The moth balls KILL the MOTHS, EGGS, and LARVAE. ALL of the boogers. You have to keep the container or closet sealed airtight for 7 days with plenty of moth balls in the space, scattered about through all the layers of boxes and bags and stacks of goods. That's what the box of moth balls says. 

You can bake the fibers in the oven on low and kill the boogers. You can microwave the wool just enough to kill them, too. Don't overdo it with a powerful oven, tho, like the one we used to have. 

You can also put the fiber into plastic bags and bake them for 3 days in a hot car, or out in hot sunshine. 

You can kill them by washing the wool in very hot water with detergent.

The other day I found 2 moths in a loose bag of processed wool. Yesterday I found a few more were getting into some boxes of wool in the hallway. Nothing horrible, I found them just in time. I had checked the bags 4 days before and not found any moths at all.

I freaked. I had Honey go buy lots of moth balls. I had had some in the wool closet, but they evaporated and were gone. I put the bags inside a thick contractor clean up bag with moth balls and I shake it now and then to mix up the air inside it. It's tied shut and air tight. The large shipping boxes of wool I stacked inside my dedicated wool closet. The closet is pretty darn full. I think I have about 50 pounds of wool in it. I put lots of balls in it and taped the cracks around the door sealed shut with duct tape. I am determined to kill these moths and their nasty spawn!

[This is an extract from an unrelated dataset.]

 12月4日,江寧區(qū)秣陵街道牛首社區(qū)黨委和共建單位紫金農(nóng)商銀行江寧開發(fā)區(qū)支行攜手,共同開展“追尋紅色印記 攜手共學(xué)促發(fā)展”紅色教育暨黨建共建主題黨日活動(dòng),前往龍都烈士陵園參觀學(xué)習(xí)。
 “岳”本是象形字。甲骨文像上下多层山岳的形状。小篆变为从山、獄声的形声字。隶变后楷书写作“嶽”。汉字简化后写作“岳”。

I also checked my cedar chest and topped off the moth balls in it, and crammed more yarn into it. Don't trust old cedar wood to repel. You have to re-oil the wood with fresh cedar oil every few years, and the oil is very expensive.

I have bags of yarns and washed fleeces in a storage room that was unheated all winter, so they were safe until now. Now I have to put moth balls in them and seal them inside more bags.

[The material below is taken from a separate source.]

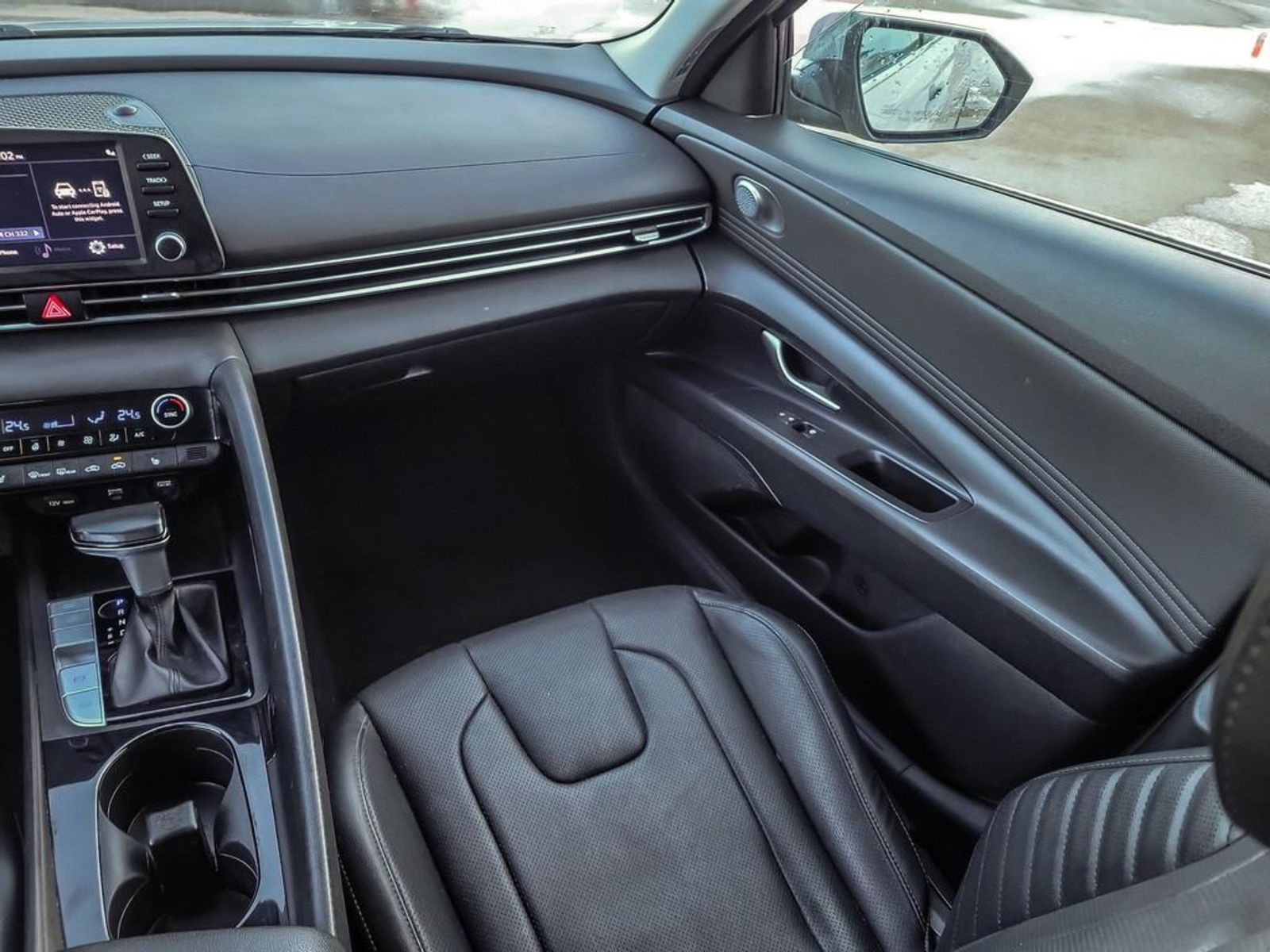 Discover exceptional value with this pre-owned 2022 Hyundai Elantra Ultimate IVT in sleek Grey exterior and refined Black leather interior. Powered by a fuel-efficient 2.0L MPI DOHC I4 engine paired with an intelligent variable transmission, this sedan delivers smooth, responsive handling complemented by 17″ alloy wheels wrapped in all-season tires.Step inside to heated front bucket seats with premium leather surfaces, dual-zone automatic climate control, and an 8-inch touchscreen featuring navigation, wireless smart device mirroring, and a Bose premium audio system for immersive sound. Safety features abound with lane departure prevention, active blind spot system, forward collision mitigation, and a rearview camera.Enjoy convenience with keyless entry, push-button start, remote start, and power windows. This Elantra also offers a panoramic sunroof, heated steering wheel, and advanced driver assist technologies that enhance comfort and confidence on every drive.Experience the perfect blend of style, technology, and safety in this meticulously maintained 2022 Hyundai Elantra Ultimate IVT — a smart, stylish choice ready to elevate your daily driving. Contact us today to schedule your test drive!

I have way too much money and effort and time invested in my extensive wool collection to lose it to moths thru carelessness. I urge YOU to go check YOUR fiber stashes and make sure they are safe!!!


----------



## Marchwind (May 10, 2002)

Freezing works if you freeze then put them out for a few weeks and freeze again. Like two weeks off then freeze again and repeat if neessary.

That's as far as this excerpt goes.